- **DATA SUPPLIED**

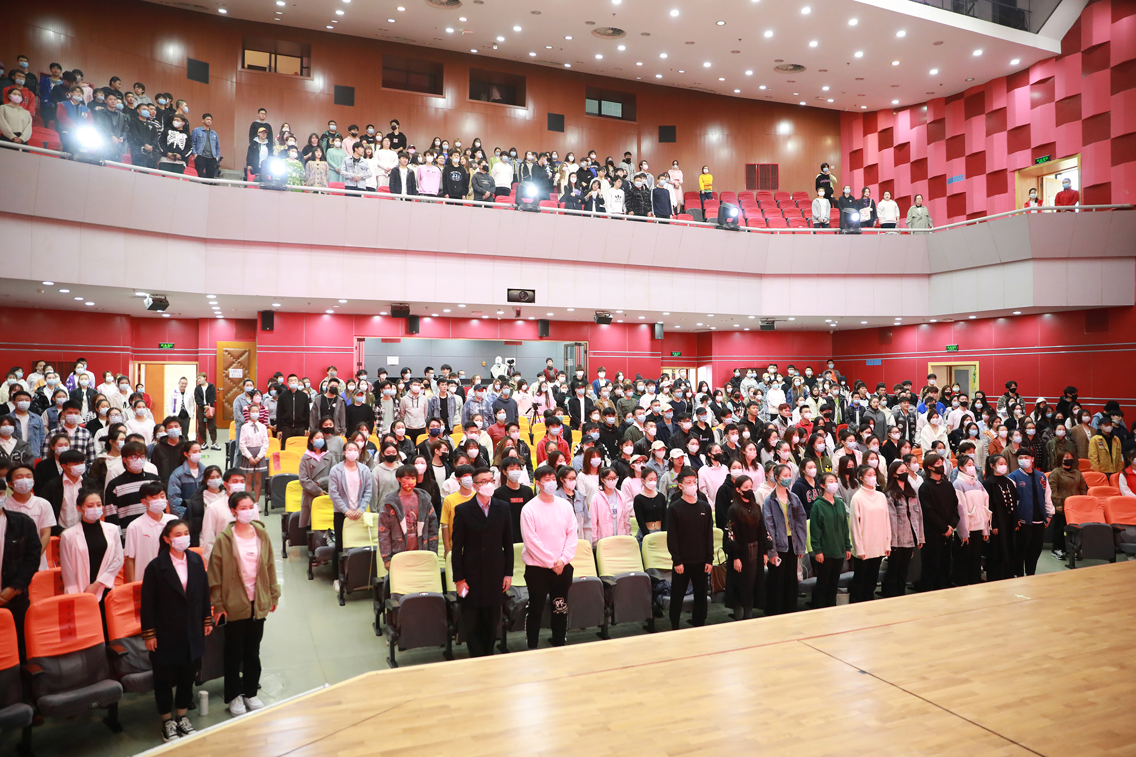 2021年10月11日上午10:30,我院在少儿戏剧场一层隆重举行2021—2022学年度第一学期高职开学典礼。学院党委书记毕兆炜,院长黄珊珊,党委副书记黄平,副院长吴蕾,副院长许翠,各系部主任、辅导员、班主任、学生处全体人员及460余名新、老高职学生出席典礼。典礼由学生处负责人副主任李洋主持。
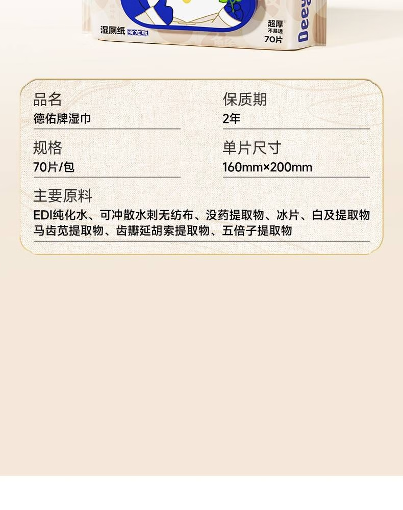 德佑 护理湿厕纸 10010850R03 70片*3包 象牙色(单位:组 )
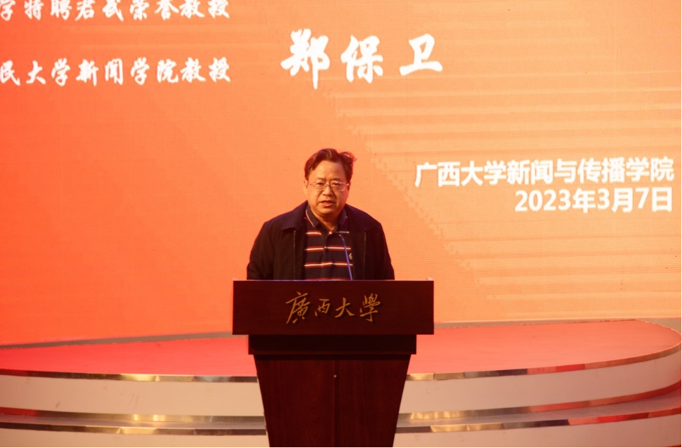 (郑保卫教授作报告)
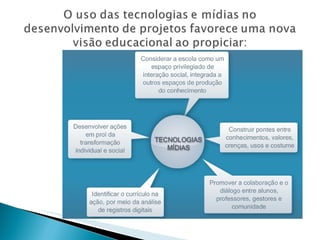 O documento discute como o uso de tecnologia na educação deve estar integrado a um projeto pedagógico com o objetivo de desenvolver habilidades de pensamento. Ele também descreve como a abordagem construcionista através de projetos permite que os alunos aprendam fazendo e reconheçam sua autoria. Por fim, ressalta que projetos interdisciplinares potencializam a articulação de saberes e a compreensão de problemas reais.
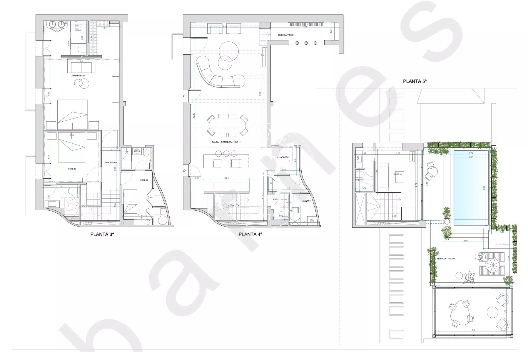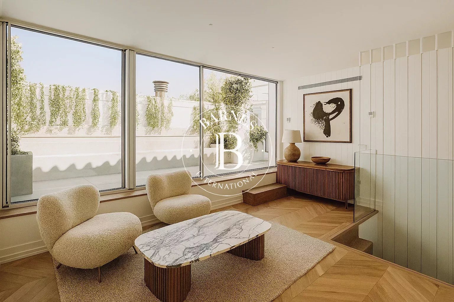 Dispone de una azotea privada de 100 m², que transforma por completo el concepto de vida urbana. Este lujoso tríplex al aire libre alberga una elegante zona de piscina privada, rodeada de un jardín cuidadosamente diseñado, ideal para relajarse. Además dos estudios en suite con amplias cristaleras correderas y vistas despejadas, espacios versátiles que pueden convertirse en una cocina exterior, un despacho de alto nivel o incluso un estudio artístico.
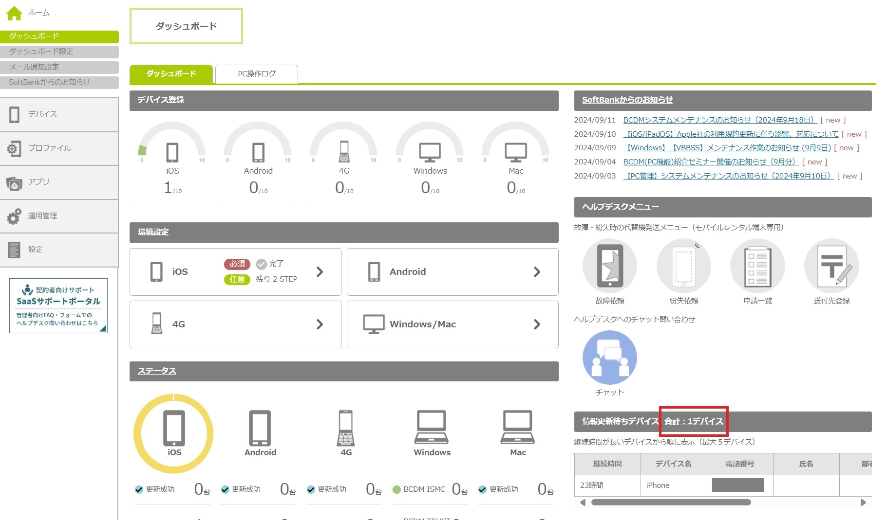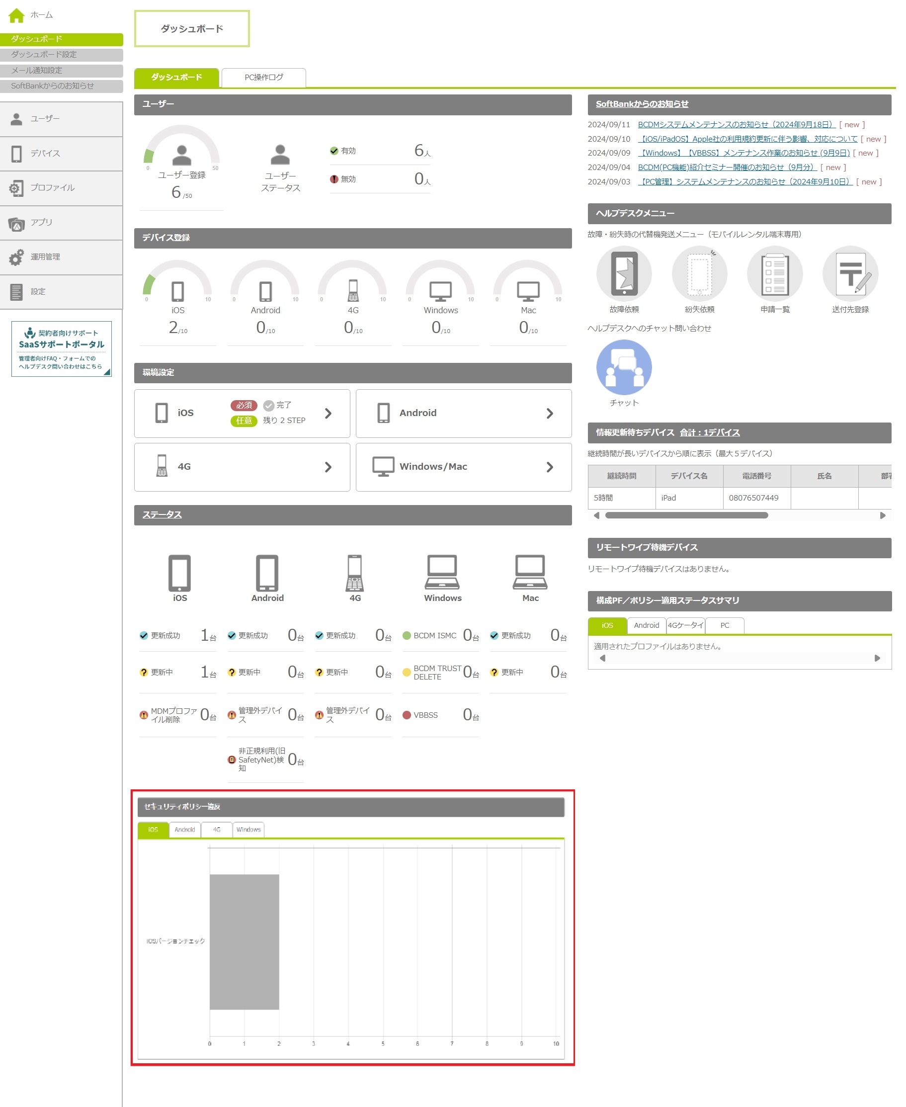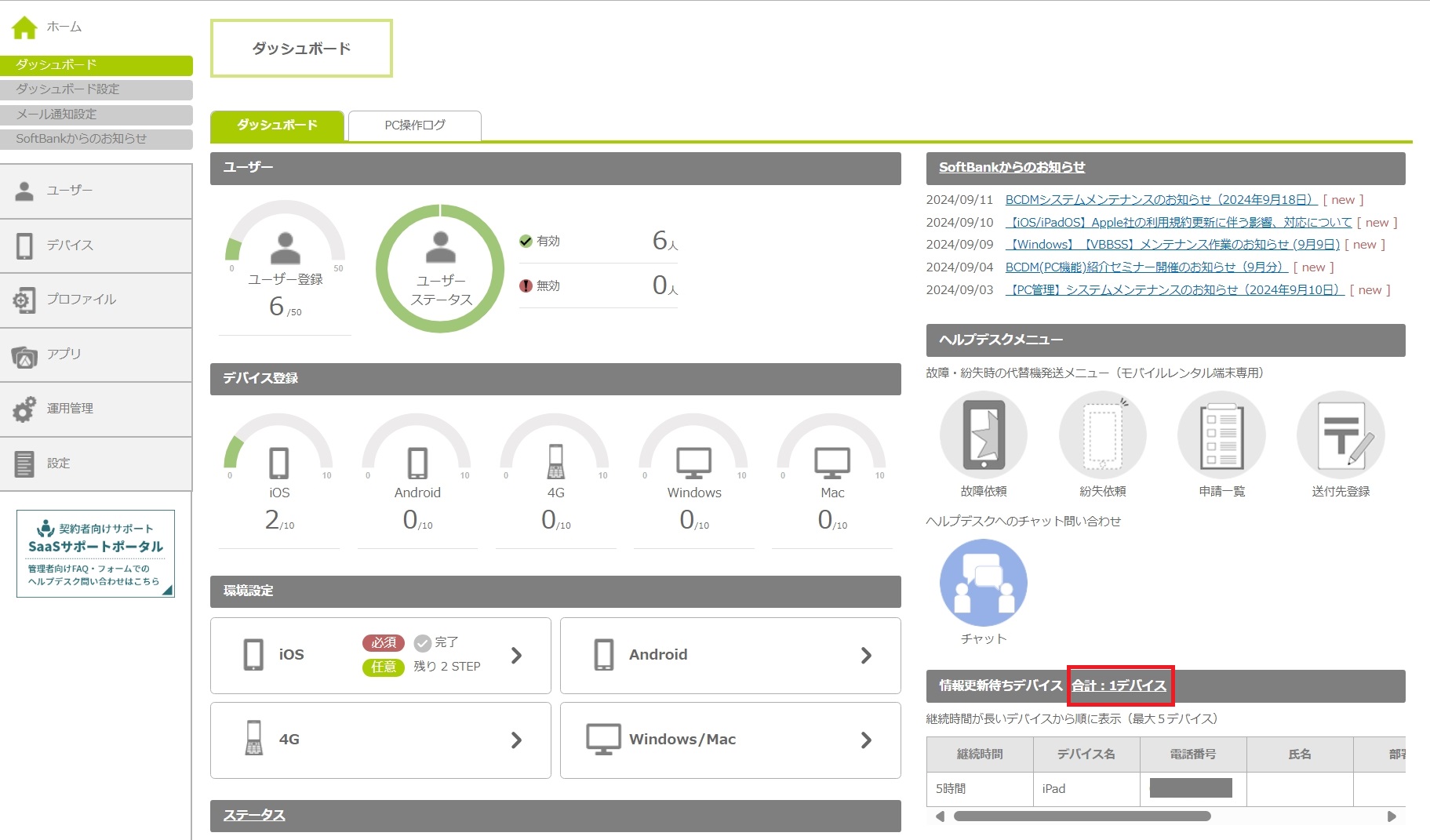 | デバイス登録 | iOSデバイス、Androidデバイス、4Gケータイ、Windows、Macの各デバイスについて、本サービスに登録されているデバイス数、およびお申し込みいただいた契約数が半円グラフで表示されます。 | ||
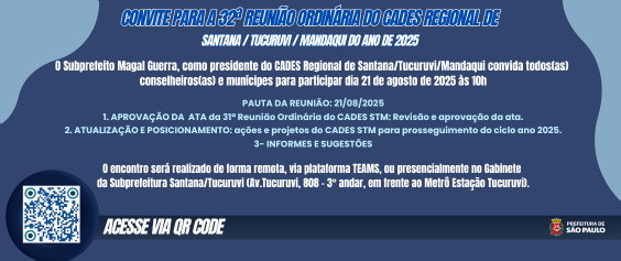 A Subprefeitura de Santana/Tucuruvi informa que no próximo dia 21 de agosto de 2025, às 10h, será realizada a 32ª Reunião Ordinária do Conselho Regional de Meio Ambiente, Desenvolvimento Sustentável e Cultura de Paz (CADES) de Santana/Tucuruvi/Mandaqui. O encontro será conduzido pelos membros do Conselho e tem como objetivo debater pautas importantes relacionadas ao meio ambiente, ao desenvolvimento sustentável e à qualidade de vida da população da região.
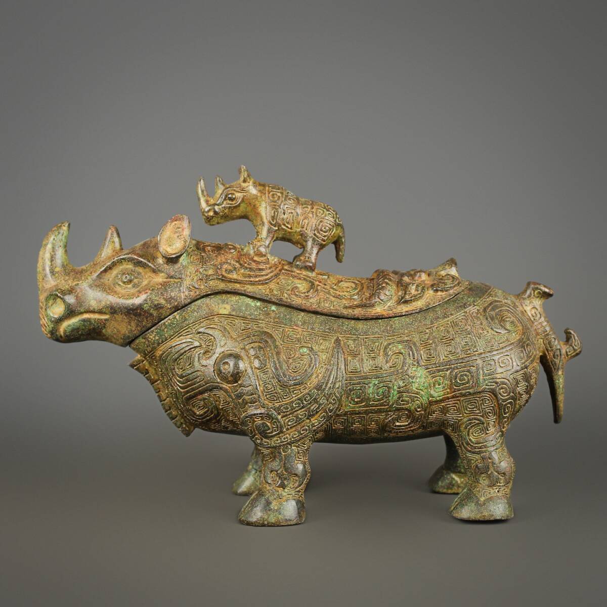- 『西周・青銅製・青銅器・犀牛尊・酒器・食器・祭祀品・副葬品』極細工 置物 古賞物 中国古玩 中国古美術
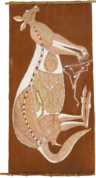 得益于延续几千年的历史和人文传统,澳大利亚树皮画带有强烈的原始艺术趣味。古老的岩画艺术、漫长的土著文化等,滋养着树皮画的发展。在取材用料上,20世纪的澳洲树皮画创作,依然保持了土著艺术的“原汁原味”。以桉树皮为画布,以赭石等矿物质为颜料。绘画工具简单便利,多是在细木棒一端固定上细长毛发制作而成,正是这种特殊的画笔,使得树皮画在艺术形式上呈现出以线条表现为主的特色。粗细不均、长短不一、弯直各异的线条,经土著“大师”们的巧妙组合、排布,再配合上平涂的点、面,一幅幅形象生动的绘画便跃然于树皮之上。
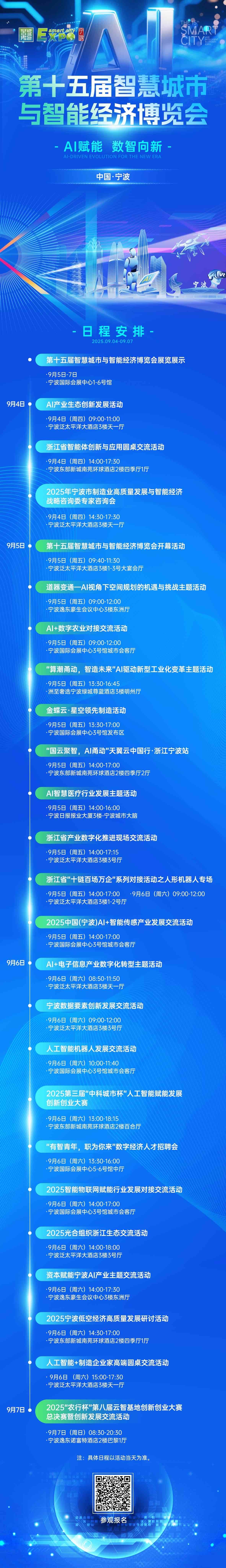 9月5日至7日,第十五届智慧城市与智能经济博览会(以下简称智博会)将在宁波举行。8月26日,记者从宁波市经信局获悉,第十五届智博会的日程安排正式发布。
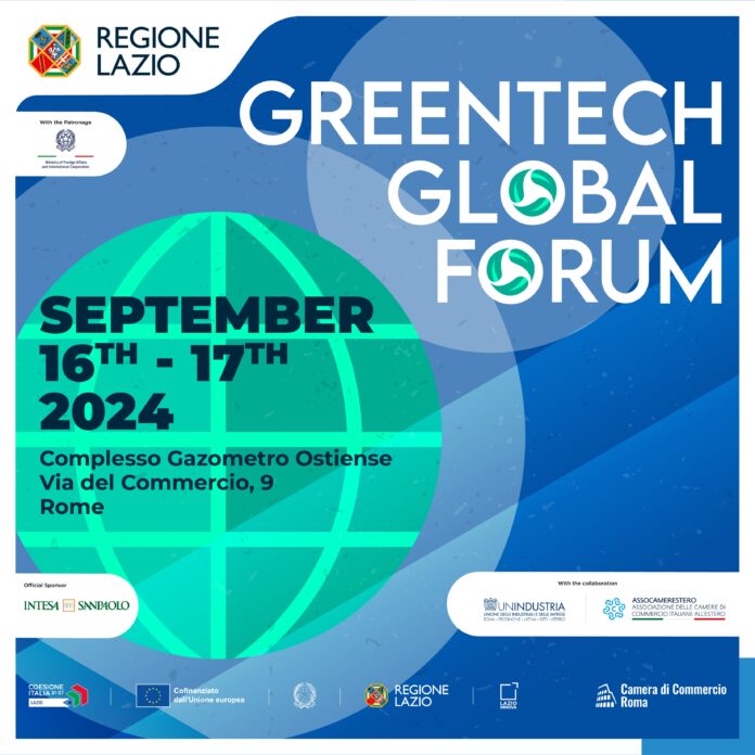 La Regione Lazio, in collaborazione con il ministero degli Affari esteri e della Cooperazione internazionale, Simest (Società del Gruppo CDP per l’internazionalizzazione), Sace (Agenzia italiana per il credito all’esportazione), Ice (Agenzia per il Commercio Estero), Unindustria, Assocamerestero e con il supporto di Intesa Sanpaolo, presenta il “Greentech Global Forum”, l’evento internazionale di matching sulle tecnologie per la Transizione Energetica, l’Economia Circolare, l’e-Mobility, la Blue Economy.
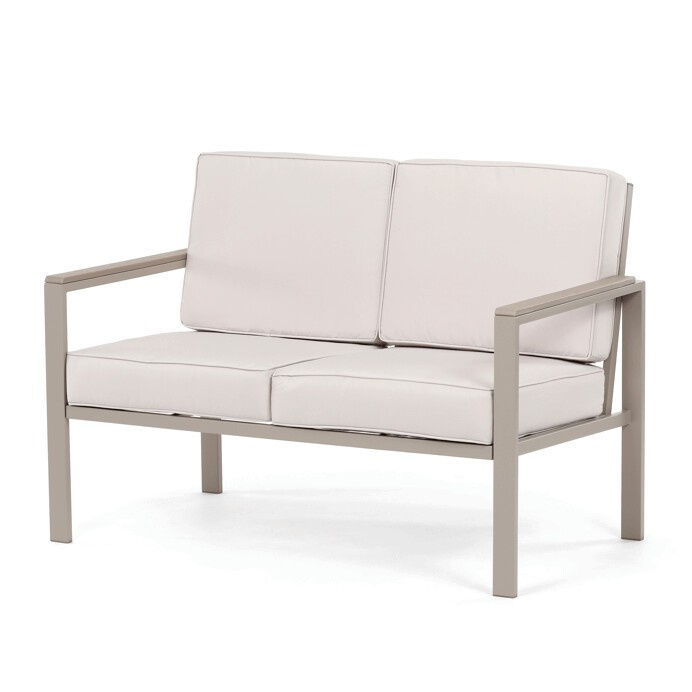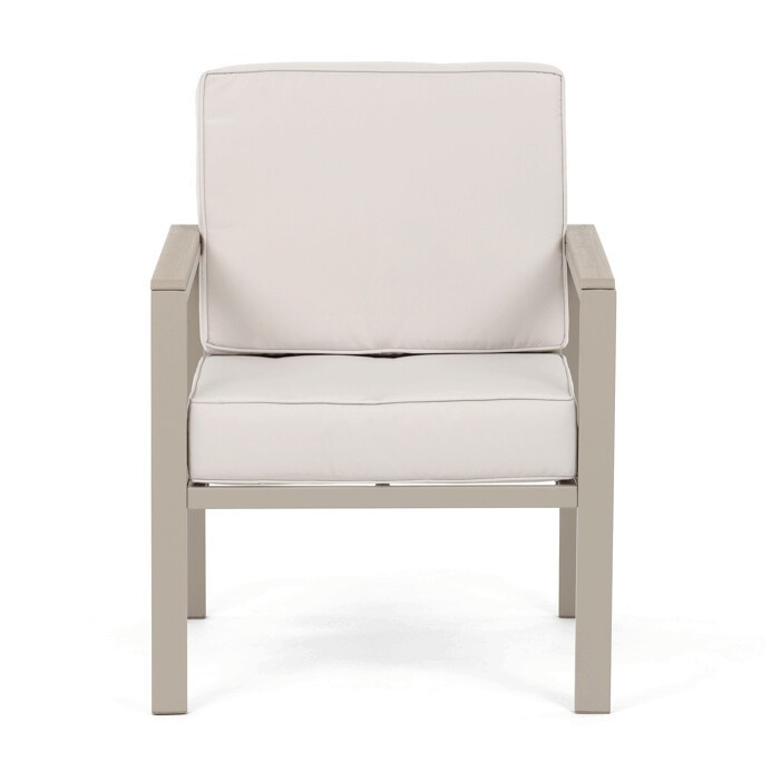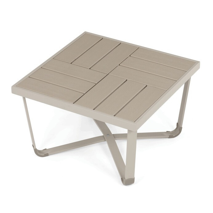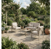 Zahradní sestava v béžovém provedení kombinuje pevný kovový rám s pohodlnými sedáky potaženými odolnou látkou v béžové barvě. Desky stolku i područky jsou vyrobeny z polywoodu, materiálu známého svou vysokou odolností vůči povětrnostním vlivům a snadnou údržbou. Konstrukce sestavy je navržena tak, aby poskytovala stabilitu a komfort při venkovním posezení, přičemž polstrování zajišťuje pohodlné sezení i během delšího užívání. Součástí jsou dvě samostatné křesla a dvoumístná pohovka, které společně s praktickým stolkem vytvářejí ideální prostor pro relaxaci na zahradě či terase. Celkový design je jednoduchý a moderní, vhodný pro různé venkovní prostory.

- **TO DO**
For every entry, return its exact wording and leave out any image.

- **SOLUTION TO THIS EXERCISE**
 2021年10月11日上午10:30,我院在少儿戏剧场一层隆重举行2021—2022学年度第一学期高职开学典礼。学院党委书记毕兆炜,院长黄珊珊,党委副书记黄平,副院长吴蕾,副院长许翠,各系部主任、辅导员、班主任、学生处全体人员及460余名新、老高职学生出席典礼。典礼由学生处负责人副主任李洋主持。
 德佑 护理湿厕纸 10010850R03 70片*3包 象牙色(单位:组 )
 (郑保卫教授作报告)
 O documento discute como o uso de tecnologia na educação deve estar integrado a um projeto pedagógico com o objetivo de desenvolver habilidades de pensamento. Ele também descreve como a abordagem construcionista através de projetos permite que os alunos aprendam fazendo e reconheçam sua autoria. Por fim, ressalta que projetos interdisciplinares potencializam a articulação de saberes e a compreensão de problemas reais.
 Dispone de una azotea privada de 100 m², que transforma por completo el concepto de vida urbana. Este lujoso tríplex al aire libre alberga una elegante zona de piscina privada, rodeada de un jardín cuidadosamente diseñado, ideal para relajarse. Además dos estudios en suite con amplias cristaleras correderas y vistas despejadas, espacios versátiles que pueden convertirse en una cocina exterior, un despacho de alto nivel o incluso un estudio artístico.
 | デバイス登録 | iOSデバイス、Androidデバイス、4Gケータイ、Windows、Macの各デバイスについて、本サービスに登録されているデバイス数、およびお申し込みいただいた契約数が半円グラフで表示されます。 | ||
 A Subprefeitura de Santana/Tucuruvi informa que no próximo dia 21 de agosto de 2025, às 10h, será realizada a 32ª Reunião Ordinária do Conselho Regional de Meio Ambiente, Desenvolvimento Sustentável e Cultura de Paz (CADES) de Santana/Tucuruvi/Mandaqui. O encontro será conduzido pelos membros do Conselho e tem como objetivo debater pautas importantes relacionadas ao meio ambiente, ao desenvolvimento sustentável e à qualidade de vida da população da região.
- 『西周・青銅製・青銅器・犀牛尊・酒器・食器・祭祀品・副葬品』極細工 置物 古賞物 中国古玩 中国古美術
 得益于延续几千年的历史和人文传统,澳大利亚树皮画带有强烈的原始艺术趣味。古老的岩画艺术、漫长的土著文化等,滋养着树皮画的发展。在取材用料上,20世纪的澳洲树皮画创作,依然保持了土著艺术的“原汁原味”。以桉树皮为画布,以赭石等矿物质为颜料。绘画工具简单便利,多是在细木棒一端固定上细长毛发制作而成,正是这种特殊的画笔,使得树皮画在艺术形式上呈现出以线条表现为主的特色。粗细不均、长短不一、弯直各异的线条,经土著“大师”们的巧妙组合、排布,再配合上平涂的点、面,一幅幅形象生动的绘画便跃然于树皮之上。
 9月5日至7日,第十五届智慧城市与智能经济博览会(以下简称智博会)将在宁波举行。8月26日,记者从宁波市经信局获悉,第十五届智博会的日程安排正式发布。
 La Regione Lazio, in collaborazione con il ministero degli Affari esteri e della Cooperazione internazionale, Simest (Società del Gruppo CDP per l’internazionalizzazione), Sace (Agenzia italiana per il credito all’esportazione), Ice (Agenzia per il Commercio Estero), Unindustria, Assocamerestero e con il supporto di Intesa Sanpaolo, presenta il “Greentech Global Forum”, l’evento internazionale di matching sulle tecnologie per la Transizione Energetica, l’Economia Circolare, l’e-Mobility, la Blue Economy.
 Zahradní sestava v béžovém provedení kombinuje pevný kovový rám s pohodlnými sedáky potaženými odolnou látkou v béžové barvě. Desky stolku i područky jsou vyrobeny z polywoodu, materiálu známého svou vysokou odolností vůči povětrnostním vlivům a snadnou údržbou. Konstrukce sestavy je navržena tak, aby poskytovala stabilitu a komfort při venkovním posezení, přičemž polstrování zajišťuje pohodlné sezení i během delšího užívání. Součástí jsou dvě samostatné křesla a dvoumístná pohovka, které společně s praktickým stolkem vytvářejí ideální prostor pro relaxaci na zahradě či terase. Celkový design je jednoduchý a moderní, vhodný pro různé venkovní prostory.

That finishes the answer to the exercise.